* **Activity**:
Output only the lines below from the one holding "Kingdom Popper Señuelos" down to the one holding "a dual time", both end lines included and every picture dropped.

Data extract Start Marker

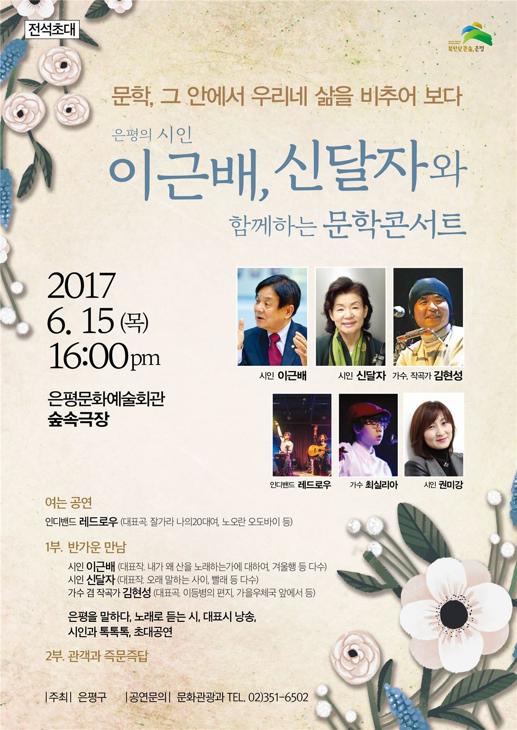 또 이번 행사 중간에는 두 시인의 작품을 노래로 표현한 ‘노래로 듣는 시’가 진행돼 시 낭독과는 또 다른 감동을 관객들에게 전할 예정이다. 뿐 아니라 '이등병의 편지' '가을우체국 앞에서' 등 다양한 곡을 작곡한 가수 겸 작곡가인 김현성씨 공연과 인디밴드 레드로우 등 흥겨운 무대가 연출돼 관객들의 마음을 사로잡을 예정이다. 김우영 구청장은 “은평 뿐 아니라 구민들이 원하는 다양한 문인들을 모시고 구민들과 소통하는 자리를 지속적으로 마련, 구민들이 문학 향유의 즐거움을 누릴 수 있도록 노력하겠다"며 "앞으로도 지속 될 은평의 문학 진흥 프로젝트에 많은 관심을 당부한다“고 말했다.토크콘서트는 문학에 관심있는 사람이면 누구나 사전 예약없이 무료로 관람할 수 있다. 은평구 문화관광과(☎351-6502)로 문의하면 된다. 박종일 기자 dream@asiae.co.kr<ⓒ세계를 보는 창 경제를 보는 눈, 아시아경제(www.asiae.co.kr) 무단전재 배포금지>
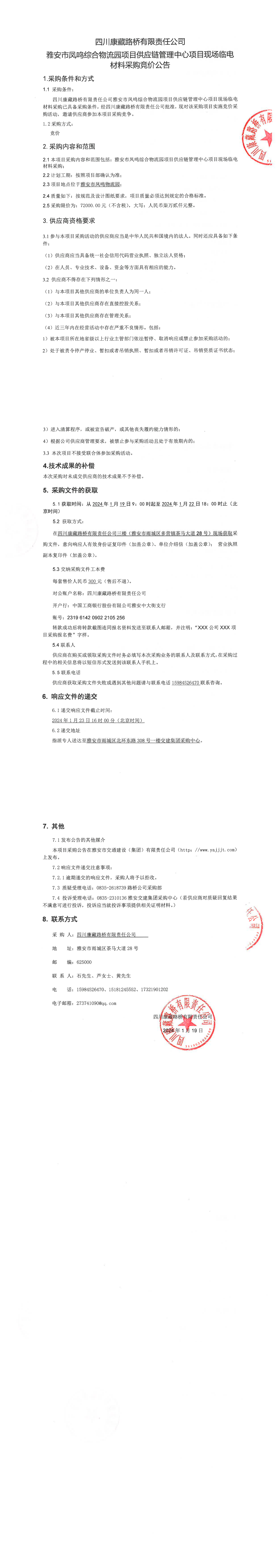 四川康藏路橋有限責任公司雅安市鳳鳴綜合物流園項目供應鏈管理中心項目現(xiàn)場臨電材料采購競價公告
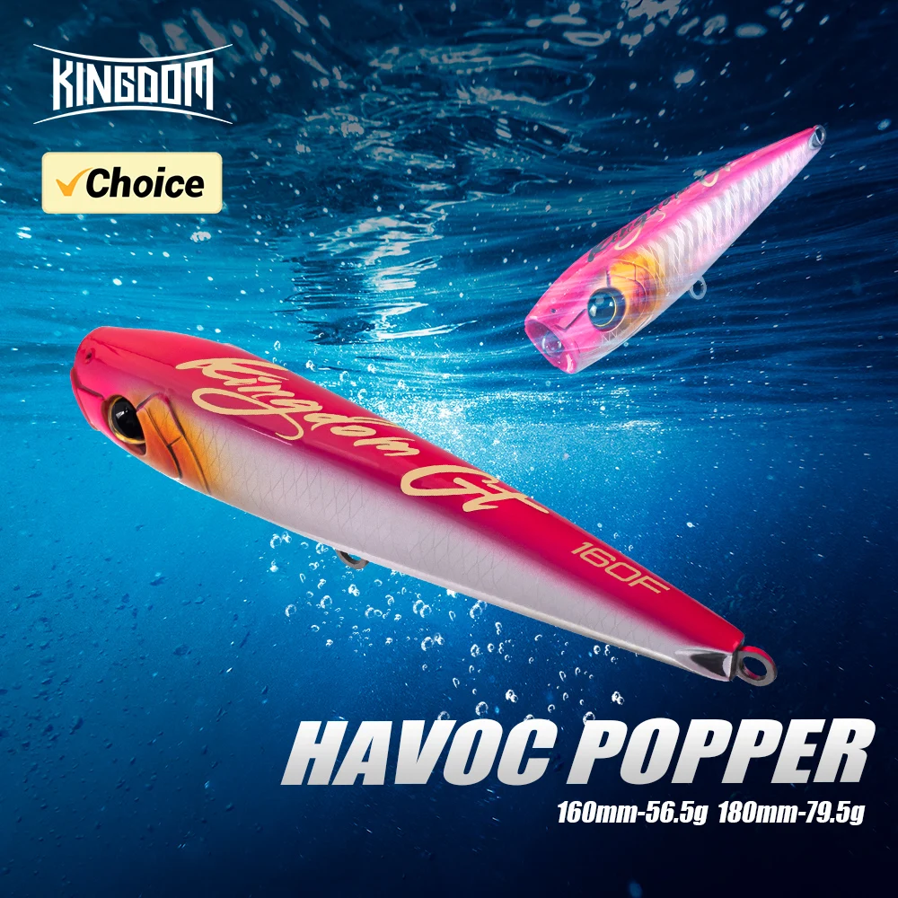 Kingdom Popper Señuelos de pesca de mar 160mm 56.5gg 180mm 79,5g Topwater Artificial duro Wobbler flotante cebo de atún de agua salada
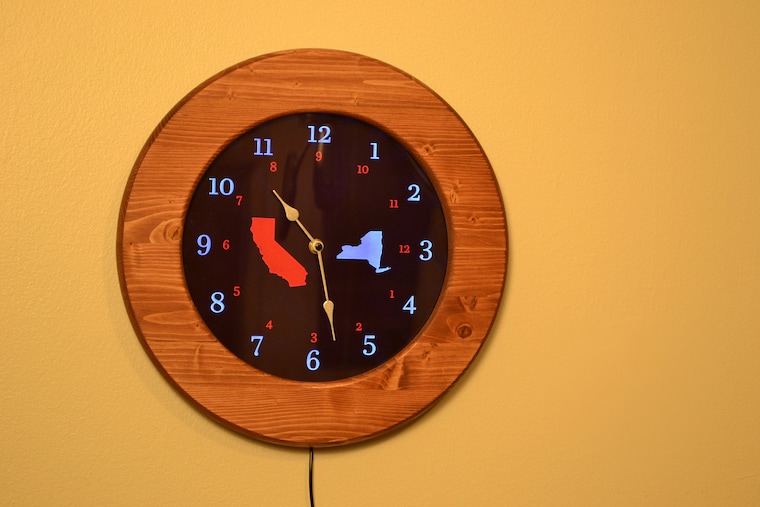 Custom request. "Design a dual time zone clock for NY and Cali."
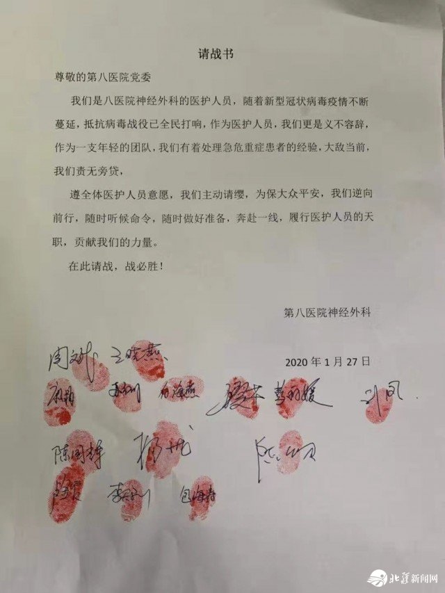 “在當(dāng)前抗擊新型冠狀病毒性肺炎的戰(zhàn)役中,我自愿申請(qǐng)參加醫(yī)院的各項(xiàng)救治工作,隨時(shí)接受黨組織和醫(yī)院安排的任務(wù),不計(jì)個(gè)人得失,無(wú)論生死,履行一名黨員、醫(yī)務(wù)工作者的責(zé)任?!边@是2月3日,記者在正值新婚燕爾的彭麗媛遞交的請(qǐng)戰(zhàn)書上看到的內(nèi)容。為了能沖到抗擊疫情最前線,她剪掉留了十多年的齊腰長(zhǎng)發(fā),寫好請(qǐng)戰(zhàn)書,報(bào)名參加包頭市第三批馳援湖北醫(yī)療隊(duì)員,這位女孩的舉動(dòng),一時(shí)間刷爆了包頭市第八醫(yī)院醫(yī)護(hù)人員的朋友圈。
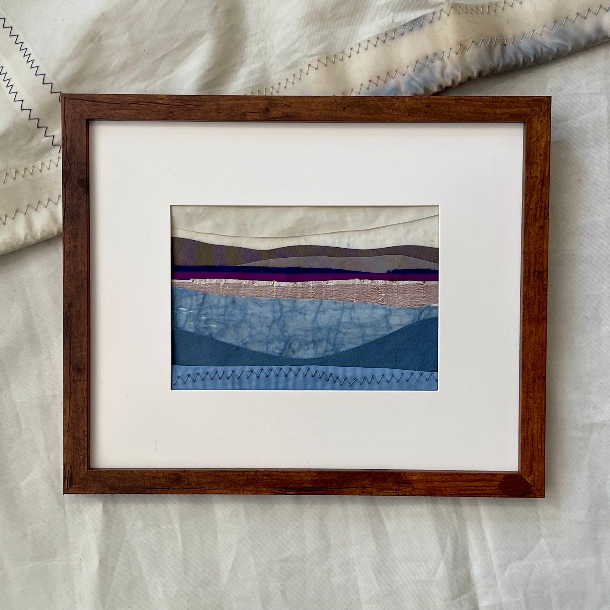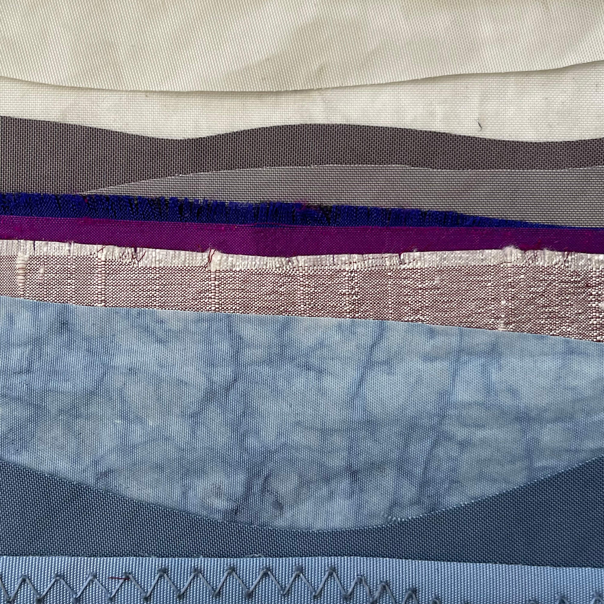 Repurposed "retired" nautical sail and dupioni silk mixed media art.

Data extract End Marker

* **Answer area**:
 Kingdom Popper Señuelos de pesca de mar 160mm 56.5gg 180mm 79,5g Topwater Artificial duro Wobbler flotante cebo de atún de agua salada
 Custom request. "Design a dual time zone clock for NY and Cali."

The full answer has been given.